Теперь она медлит, машинально вертит на пальце кольцо.
Такое впечатление, что Флорида вся составлена из взаимозаменяемых компонентов: прямо напротив его больничного окна растет норфолкская сосна и в кроне ее живет невидимая птица, которая кричит скрипучим голосом. Он слышал ее крик утром и сейчас слышит снова. В груди у него эхом отзывается боль. На всякий случай он берет еще одну таблетку нитроглицерина.
— Я думаю, магазин, — наконец выдает Пру. — Он очень нервничает. Торговля в последние годы идет вяло — покупательная способность доллара падает и что-то там еще не так, и модели, как он утверждает, «скучные», и вообще, по-моему, он боится, как бы «Тойота» не прикрыла у нас свое представительство.
— Да их под дулом пистолета к этому не принудишь, разве что бомбой кто пригрозит. «Тойоте» грех на нас жаловаться, уж сколько лет с ними работаем, да так, что комар носа не подточит.
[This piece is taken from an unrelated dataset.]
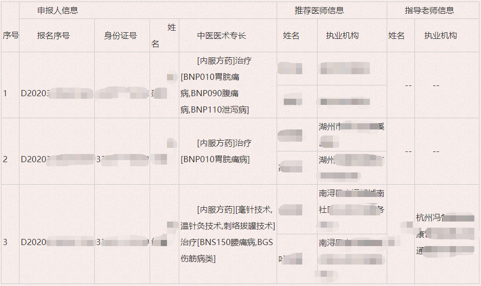 根據(jù)《浙江省中醫(yī)藥管理局關(guān)于做好2020年浙江省中醫(yī)醫(yī)術(shù)確有專長人員醫(yī)師資格考核報(bào)名工作的通知》(浙中醫(yī)藥〔2020〕5號)文件精神,現(xiàn)將南潯區(qū)參加2020年浙江省中醫(yī)醫(yī)術(shù)確有專長人員醫(yī)師資格考核報(bào)名人員信息公示如下:

Когда Фред Спрингер приобрел лицензию, японскую продукцию еще никто всерьез не принимал.
— Так ведь с тех пор сколько воды утекло. Недаром говорят — все меняется, — замечает Пру. — Нельсону не хватает терпения и, сказать по совести, я думаю, ему страшновато одному — из старой-то гвардии совсем никого не осталось: сначала Чарли, потом Мэнни, а теперь вот еще и Милдред, хоть он и сам ее уволил, вас тоже нет рядом полгода, Джейк переметнулся к «Вольво — Олдс» — знаете, там, возле нового торгового центра в Ориоле, — а Руди открыл собственный магазин «Тойота — Мазда» на 422-й. Ему, правда, очень одиноко, общаться практически не с кем, волей-неволей приходится водить компанию со всякими сомнительными типами из Северного Бруэра.
При мысли о «сомнительных типах» все новые и новые волоски у нее на голове от негодования встают дыбом, поблескивая, как нити накаливания в сиянии флуоресцирующего флоридского света. Она пытается ему сказать что-то важное, но это что-то от него все время ускользает, и надо бы догнать, добить, докопаться, но разве по силам это тому, кто сам чуть живой валяется в постели? У Кролика сейчас одна забота — беречь сердце. Это вопрос жизни и смерти. Похоже, действие лекарств на исходе. Смертельный ужас от осознания того, что с ним происходит, подкатывает к самому горлу, нарастает, печет, как едко-кислая изжога. В заду свербит — все четко, как по расписанию. В нем поселилась какая-то зловредная слабость, которая в любую минуту может отдать его в цепкие лапы той ледяной кромешной тьмы, которая не дает ему покоя после жутких рассказов Берни.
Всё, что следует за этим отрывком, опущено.